I just bought some really interesting syrups for adding to my cakes, but I don't know how much to use. Do I use it instead of oil? It's kind of runny - similar to sugar free maple syrup. But it seems that if I'm doctoring a vanilla cake mix, I'll need a lot of it to get the flavor through. It's rather tan/brown in color so drizzling over a finished cake would not be pretty when it soaks in. Maybe use it in place of some of the liquid? I use milk instead of water for richness so I don't want to lose that either.
Has anyone used these before? They're made mainly for coffee and desserts.
I use Torani syrups all the time to make flavored sodas and coffees.
I've tried them in sno-cones, and was very disappointed in the lack of flavor-intensity; if they aren't strong enough to adequately flavor shaved ice, I'm afraid the flavor won't come through at all in a cake.

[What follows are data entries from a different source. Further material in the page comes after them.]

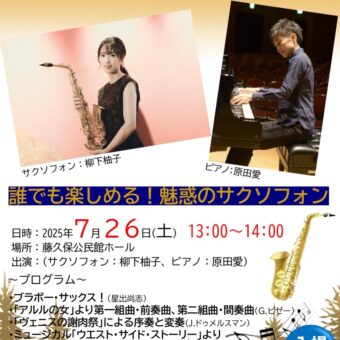 開催日時: 2025年12月20日 (土) 開演時刻 13:00、(14:00終了予定) 内容 : 冬の午後、心温まる演奏をお届けします。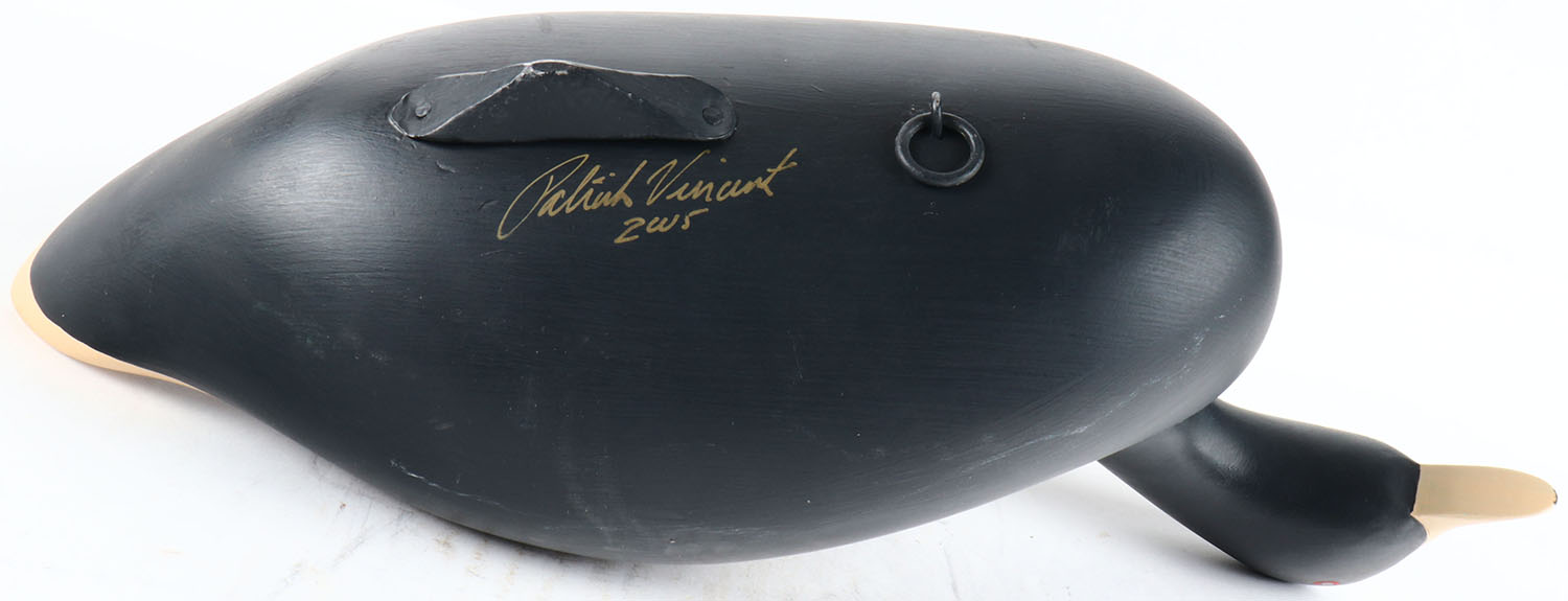 Coot by Patrick ''Pat'' Vincent, Churchville, MD, painted eyes, solid wood, original paint, structurally excellent, signed on bottom. Grade: MINT - Value: 50 to 100
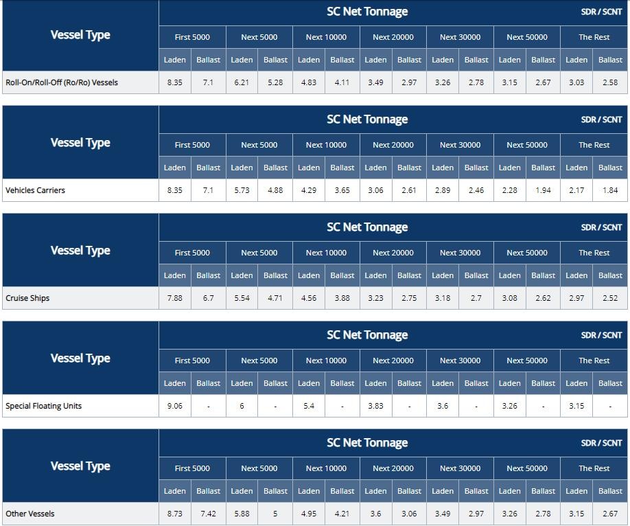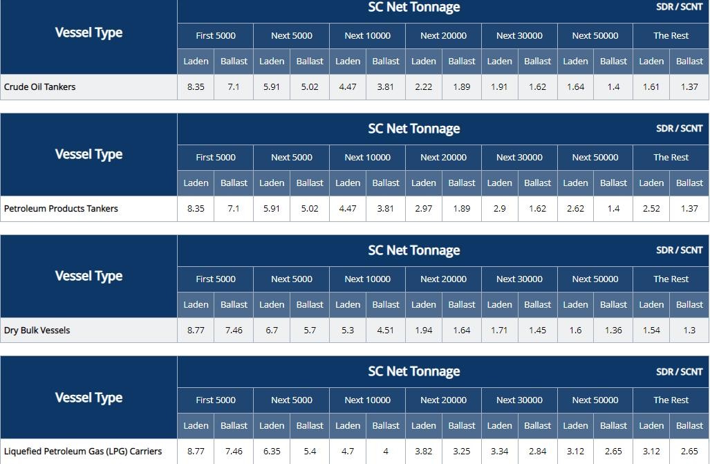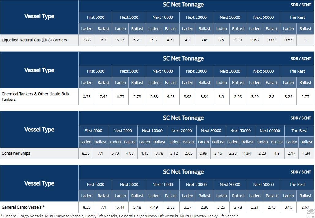苏伊士运河船舶费率表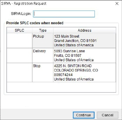 The SIRVA – Registration Request screen prompts users for a login ID for SIRVA STS as well as SPLC values for each location associated to the MoversSuite lead that was open when a user performed a SIRVA Registration Upload.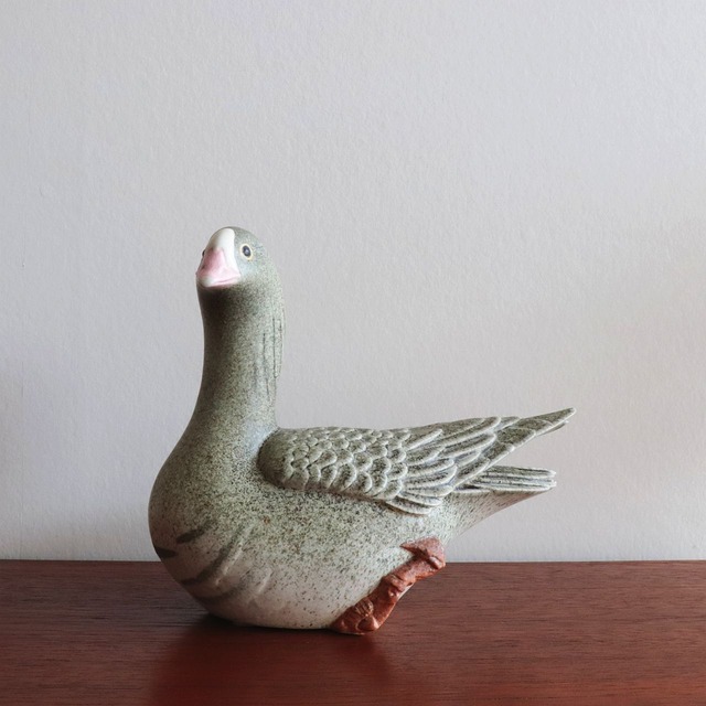 1975年、リサ・ラーソンはグスタフスベリとWWF(世界自然保護基金)の協働プロジェクトとして、「Utrotningshotade Djur(絶滅危惧種動物)」シリーズをスタートさせました。プロジェクトは1982年からはPaul Hoff が引き継ぎ、1987年までの13年間製作が続きました。 製作されたフィギュアは北欧の野生動物が直面する環境問題を伝えるため、スウェーデンのストックホルムとヨーテボリにあるNKデパートで限定販売され、売上の一部はWWFの保護活動に寄付されました。 リサ・ラーソンが手がけたのはオオヤマネコ(1975年)イヌワシ(1976年)アザラシ(1977年)ヨーロッパバイソン(1978年)ハリネズミ(1979年)カワウソ(1980年)ハヤブサ(1981年)の合計7種類。その後はPaul Hoffにより、ミドリヒキガエル(1982年)ホッキョクグース(1983年)メンフクロウ(1984年)ホッキョクギツネ(1985年)ワシミミズク1986年パンダ(1987年)と製作されています。 2000体~3000体と製作数はごく限定的で、現在で北欧ヴィンテージの中でも特に高い人気を誇るモデルとなっています。 1983年はシリーズの 9作目 として、北欧の高地やツンドラ地帯に生息する ホッキョクグース(Fjällgås / Lesser White-fronted Goose) が制作されました。ホッキョクグースは渡り鳥として知られ、スウェーデンでも古くから観察されてきましたが、1970年代以降は生息地の減少や狩猟の影響により個体数が急激に減少し、WWFが重点的に保護を進めていた種のひとつです。 Paul Hoff は、この渡り鳥の慎ましくも凛とした佇まいを、丸みを帯びたフォルムと落ち着いた釉薬の色調で表現しています。胸を張り、静かに前を見つめる姿は、長い旅路を生き抜く鳥の強さと繊細さを同時に感じさせます。羽の重なりを思わせる細かな凹凸や、柔らかなラインの処理は、彼の動物造形の特徴がよく表れた仕上がりです。 サイズ:幅150×奥行き90×高さ130(mm)

If you decide to give them a try, I'd use them in place of extracts, and not to replace the liquid or oil called for in the recipe. I don't think it would react well as a fat or liquid replacement, because of all the sugar in the syrup.
You might be able to get a nice subtle flavor in your buttercream, though.

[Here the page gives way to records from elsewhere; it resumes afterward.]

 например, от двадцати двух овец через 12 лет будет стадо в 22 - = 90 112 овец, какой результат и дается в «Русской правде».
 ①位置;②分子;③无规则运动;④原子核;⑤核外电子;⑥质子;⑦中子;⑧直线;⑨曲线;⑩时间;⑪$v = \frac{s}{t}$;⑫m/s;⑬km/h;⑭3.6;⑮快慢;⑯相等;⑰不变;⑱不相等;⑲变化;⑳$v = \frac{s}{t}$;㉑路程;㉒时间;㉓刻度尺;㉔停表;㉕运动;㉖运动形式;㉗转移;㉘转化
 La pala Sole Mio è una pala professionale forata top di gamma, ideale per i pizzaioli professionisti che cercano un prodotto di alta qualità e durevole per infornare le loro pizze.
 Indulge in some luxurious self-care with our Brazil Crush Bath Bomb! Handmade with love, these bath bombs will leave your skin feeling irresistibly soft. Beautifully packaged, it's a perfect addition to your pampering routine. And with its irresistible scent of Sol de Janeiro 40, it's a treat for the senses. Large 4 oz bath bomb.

I would try flavoring buttercream with them, but because they are so subtle it doesn't seem like you will get the flavor intensity you want in the cake itself. Also, with them you are not just adding an extract you are adding sugar/corn syrup, too. You can use them in a simple syrup to lightly coat your cake before frosting (some folks spray it on instead of brushing), keeps cake moist and adds flavor. Have fun experimenting.
Torani Sugar-Free vanilla is delicious in buttercream! I add about 2 teaspoons to a full batch of Buttercream Dream...
I use Torani in place of simple syrup when i want to add an extra touch of flavor and moistness to an already baked cake!
I didn't think about it being all sugar. I'll try brushing it on and in the frosting but I don't want it to color it too much. I'm stuck with a lot of it if it doesn't work! But it will be good elsewhere.